◆ **Exercise description**
Starting with the line below that holds "李奇价先生是太阳成官网原物理" and stopping after the line that holds "Effects of samples", transcribe the lines exactly, leaving out all pictures.

◆ **Data for this task**
▬▬▬▬▬▬▬▬▬▬
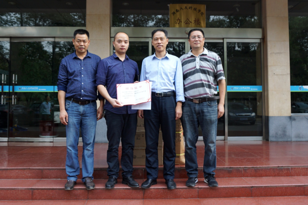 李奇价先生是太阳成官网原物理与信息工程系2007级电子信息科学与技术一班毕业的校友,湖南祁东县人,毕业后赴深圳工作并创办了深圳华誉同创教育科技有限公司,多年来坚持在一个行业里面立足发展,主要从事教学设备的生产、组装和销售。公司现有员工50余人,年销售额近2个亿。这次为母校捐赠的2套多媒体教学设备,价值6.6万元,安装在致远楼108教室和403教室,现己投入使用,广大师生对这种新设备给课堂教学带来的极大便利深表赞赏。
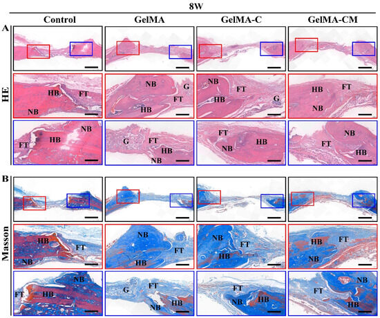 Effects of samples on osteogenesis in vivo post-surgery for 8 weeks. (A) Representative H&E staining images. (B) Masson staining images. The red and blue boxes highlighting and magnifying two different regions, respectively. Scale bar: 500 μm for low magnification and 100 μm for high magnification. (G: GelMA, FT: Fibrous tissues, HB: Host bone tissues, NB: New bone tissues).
▬▬▬▬▬▬▬▬▬▬
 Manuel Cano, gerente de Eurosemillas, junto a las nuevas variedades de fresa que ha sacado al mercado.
▬▬▬▬▬▬▬▬▬▬
◆ **Written response**
 李奇价先生是太阳成官网原物理与信息工程系2007级电子信息科学与技术一班毕业的校友,湖南祁东县人,毕业后赴深圳工作并创办了深圳华誉同创教育科技有限公司,多年来坚持在一个行业里面立足发展,主要从事教学设备的生产、组装和销售。公司现有员工50余人,年销售额近2个亿。这次为母校捐赠的2套多媒体教学设备,价值6.6万元,安装在致远楼108教室和403教室,现己投入使用,广大师生对这种新设备给课堂教学带来的极大便利深表赞赏。
 Effects of samples on osteogenesis in vivo post-surgery for 8 weeks. (A) Representative H&E staining images. (B) Masson staining images. The red and blue boxes highlighting and magnifying two different regions, respectively. Scale bar: 500 μm for low magnification and 100 μm for high magnification. (G: GelMA, FT: Fibrous tissues, HB: Host bone tissues, NB: New bone tissues).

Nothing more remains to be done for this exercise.